## Problem description:
The first line of the entries and each line after it, through the one that contains "A high-gloss, large-format", are to be duplicated exactly; no picture belongs in the copy.
<<<<
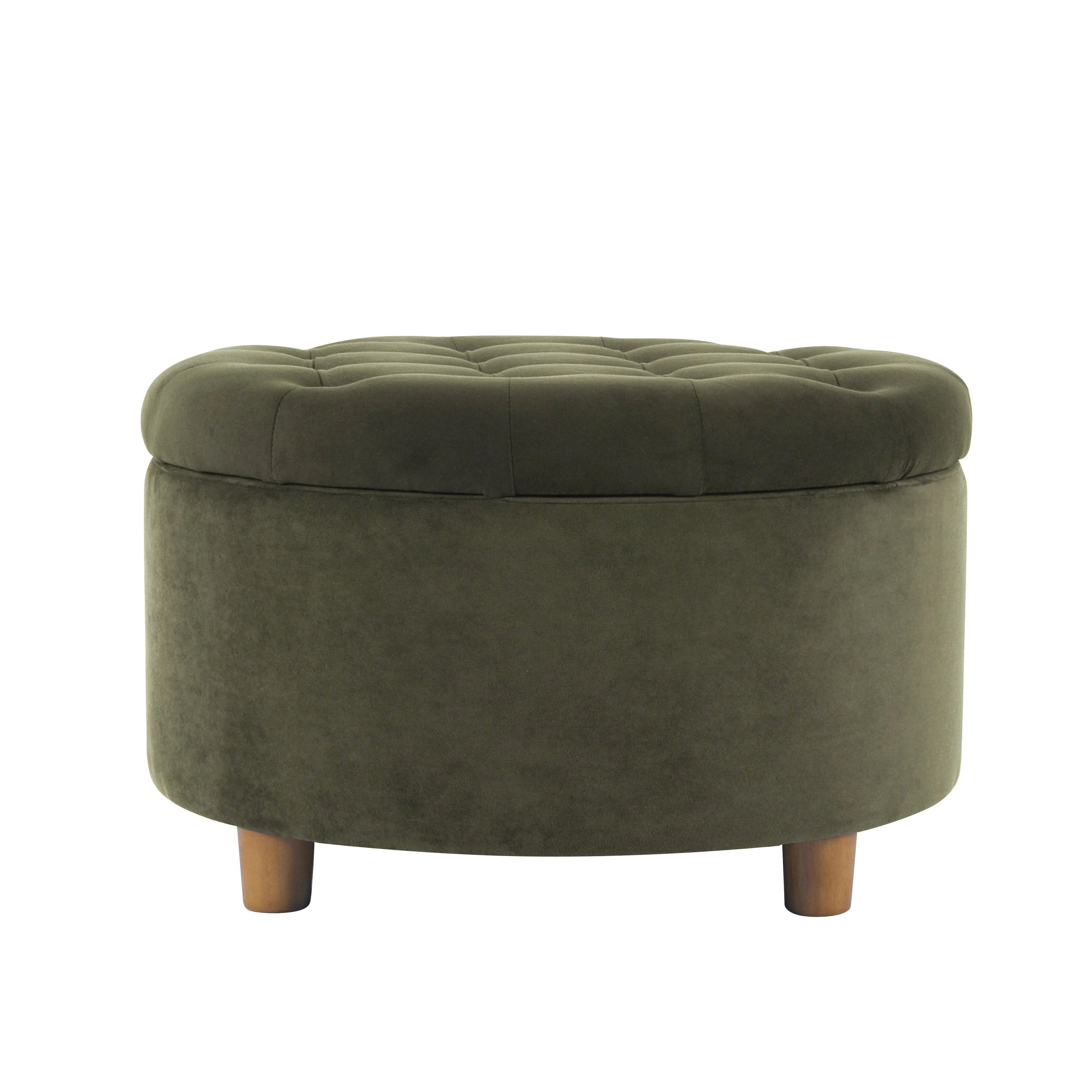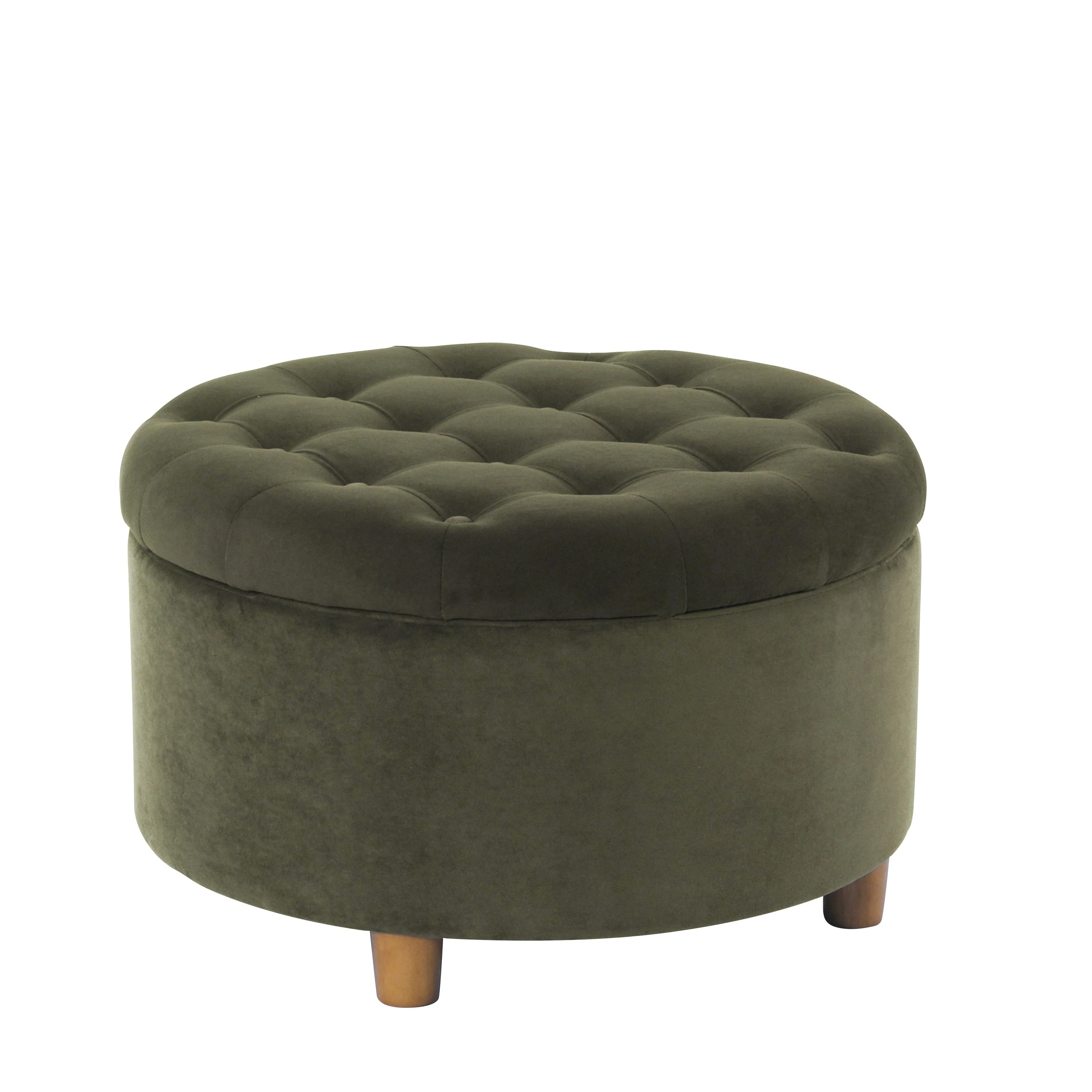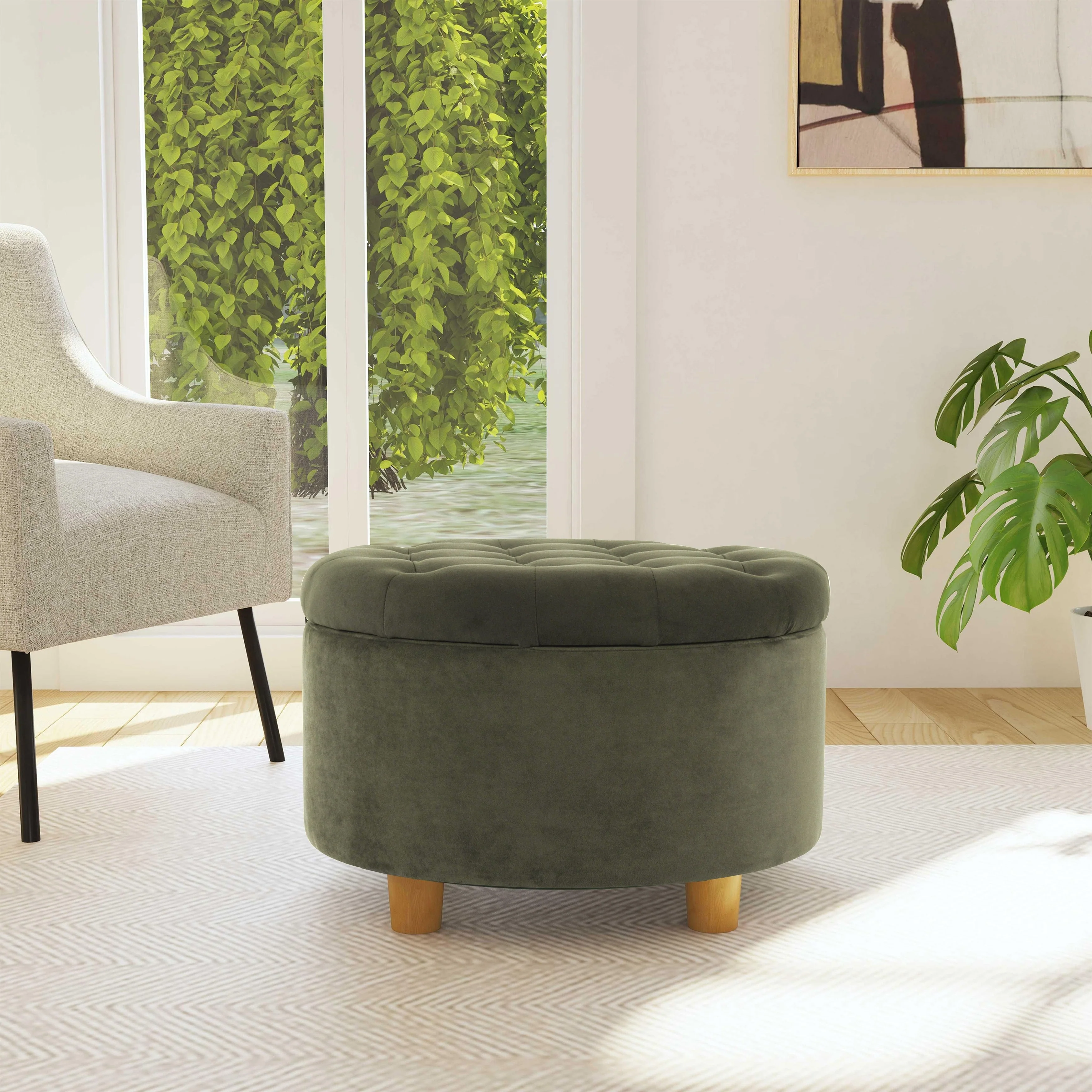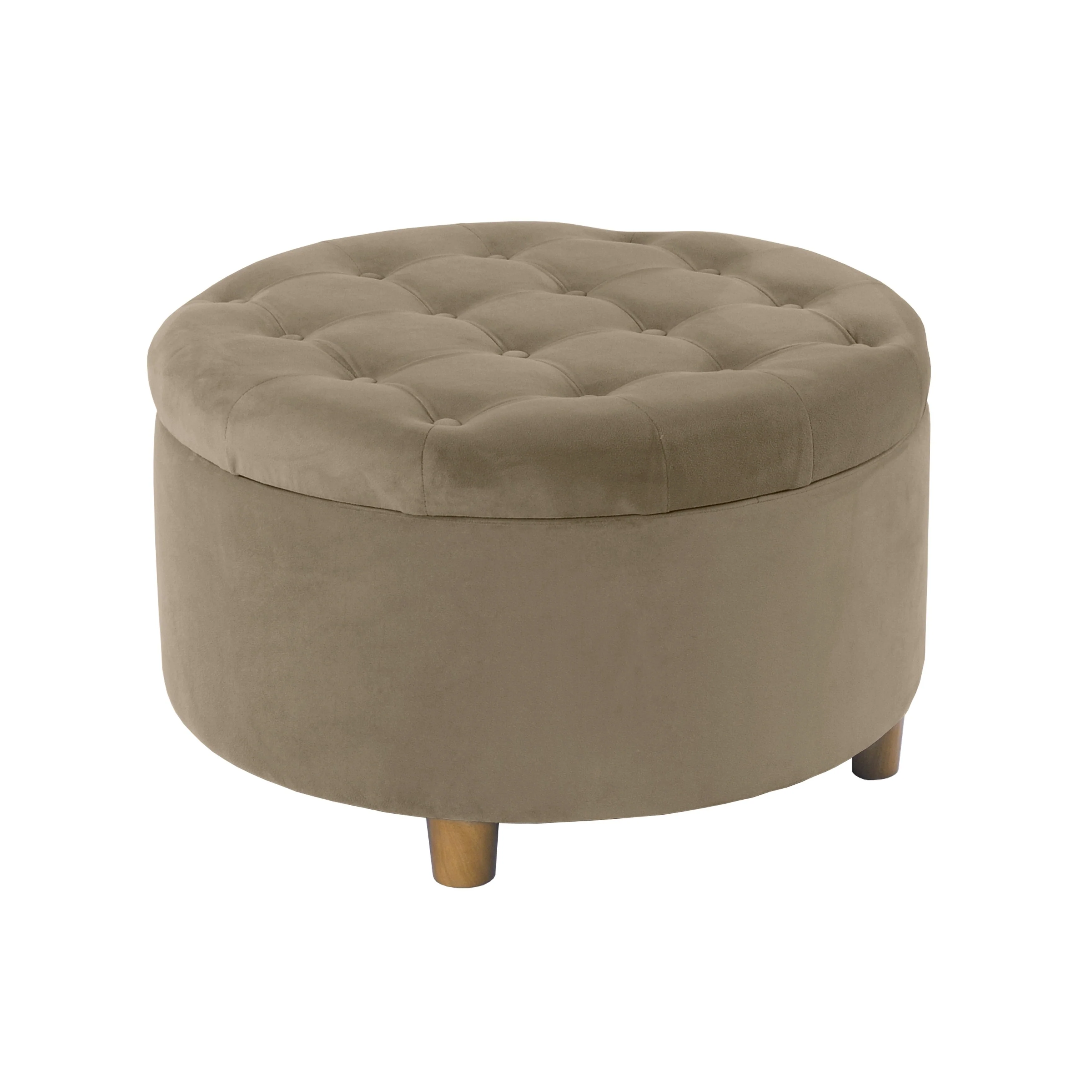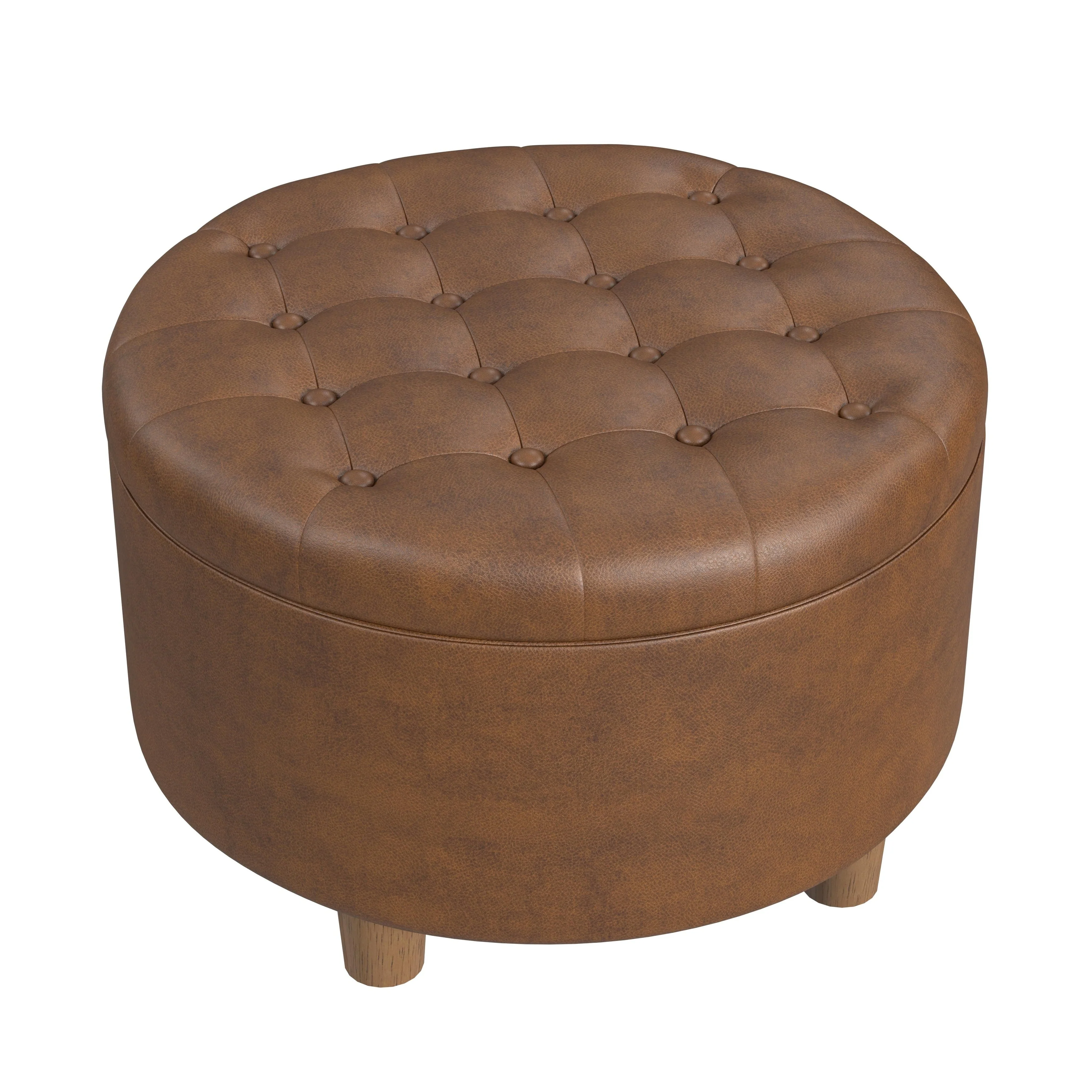 Our large round ottoman offers interest, seating and a stylish storage solution for everything from blankets to toys. With a button tufted lift off lid this modern ottoman has a relaxed feel. Enjoy in your living room as a pair or in front of an accent chair for a comfortable seating arrangement. This storage ottoman with a lift off top and honey oak finished legs is easy to assemble and maintain.
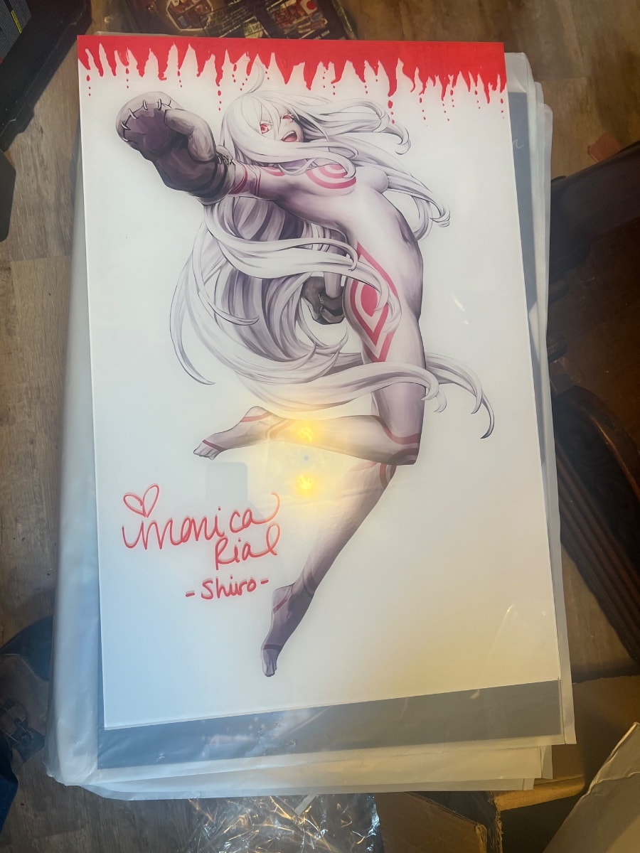 A high-gloss, large-format acrylic wall piece featuring Shiro, the enigmatic protagonist of the dark fantasy anime 'Deadman Wonderland.'
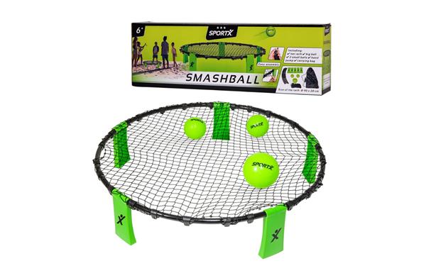 SportX Smashball. Begin het spel door de bal met de hand op het net te slaan in de richting van de tegenstander. Elk team mag de bal maximaal drie keer raken, voordat de bal naar het net moet worden gespeeld en het spel overgaat naar het andere team. De bal mag door een teamlid worden geslagen, gemept of gesmasht. Het serverende team blijft serveren totdat de tegenpartij een punt wint en de opslag overgaat naar het andere team. Je speelt maximaal 21 punten per game. De winnaar van twee van de drie games wint het spel! Erg leuk buitenspeelgoed, om mee te spelen op een grasveld of op het strand! Wordt geleverd in full-colour doos. Geschikt voor kinderen vanaf 7 jaar.
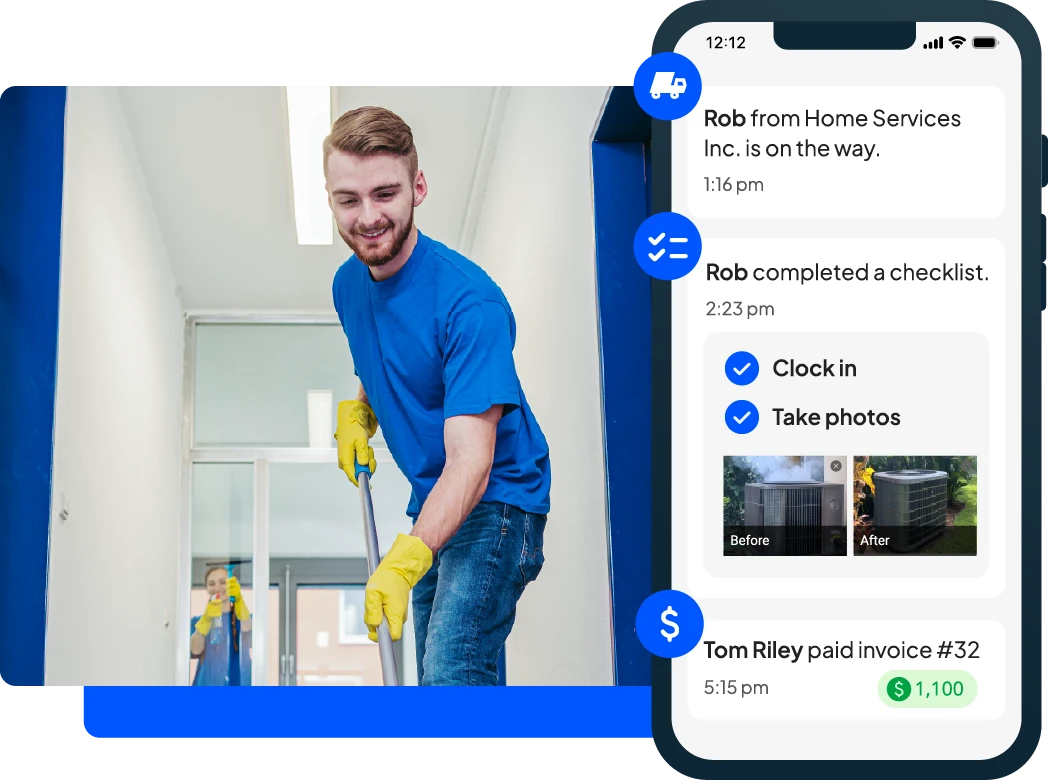 Easily manage your calendar, stay organized, and update your customers and crew in real time with scheduling software for janitorial services.
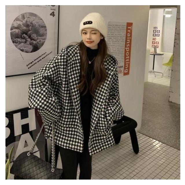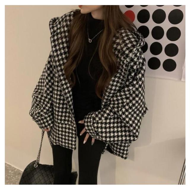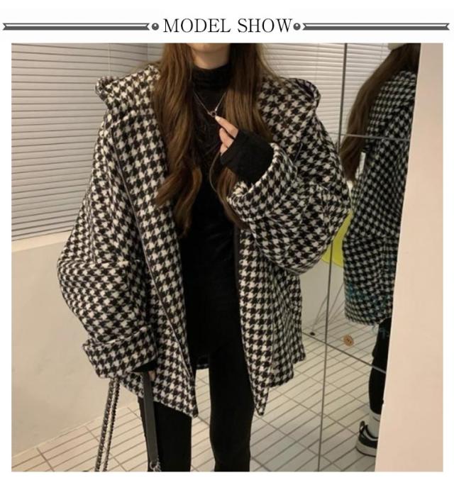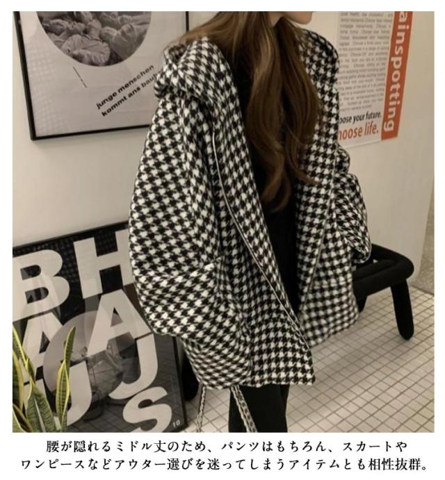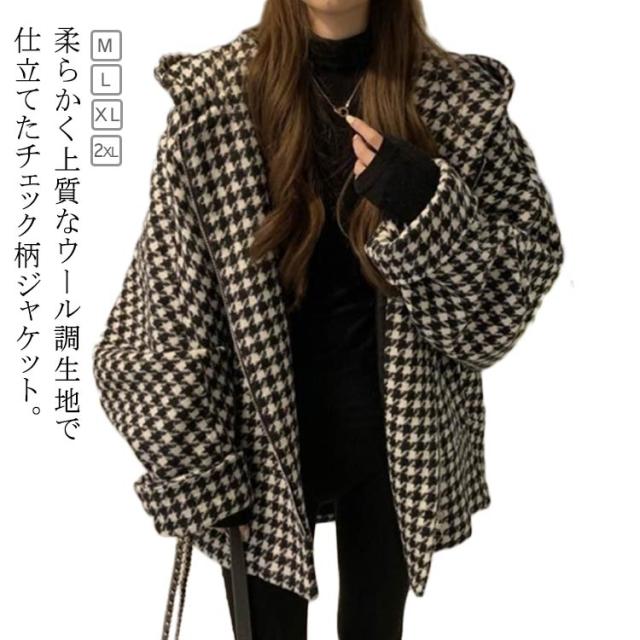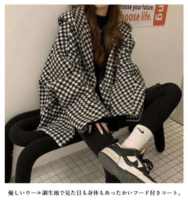 フード付き ゆったり コート チェック柄 アウター 防寒 長袖 コート チェック柄 コート きれいめ ミドル丈 フーテッドコート 大きいサイズ ジャケット あったか お洒落 ウール調 カジュアル かわいい
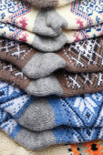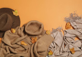 Miękkie dzianiny skarpetki na pomarańczowym tle, płasko leżał z miejscem na tekst. Odzież zimowa
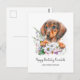 Envie votos de aniversário sinceros com este cartão postal adorável temático de Dachshund, apresentando um doce cachorro salsicha aninhado entre um buquê de margaridas aquareladas e lavanda. O texto totalmente personalizável permite que você personalize tanto a saudação quanto a seção “de” — perfeito para amantes de cães de todas as idades. Seja de um animal de estimação, uma família ou um amigo, este cartão encantador adiciona um toque atencioso e incrível a qualquer celebração de aniversário.
>>>>
## Expected output:
 Our large round ottoman offers interest, seating and a stylish storage solution for everything from blankets to toys. With a button tufted lift off lid this modern ottoman has a relaxed feel. Enjoy in your living room as a pair or in front of an accent chair for a comfortable seating arrangement. This storage ottoman with a lift off top and honey oak finished legs is easy to assemble and maintain.
 A high-gloss, large-format acrylic wall piece featuring Shiro, the enigmatic protagonist of the dark fantasy anime 'Deadman Wonderland.'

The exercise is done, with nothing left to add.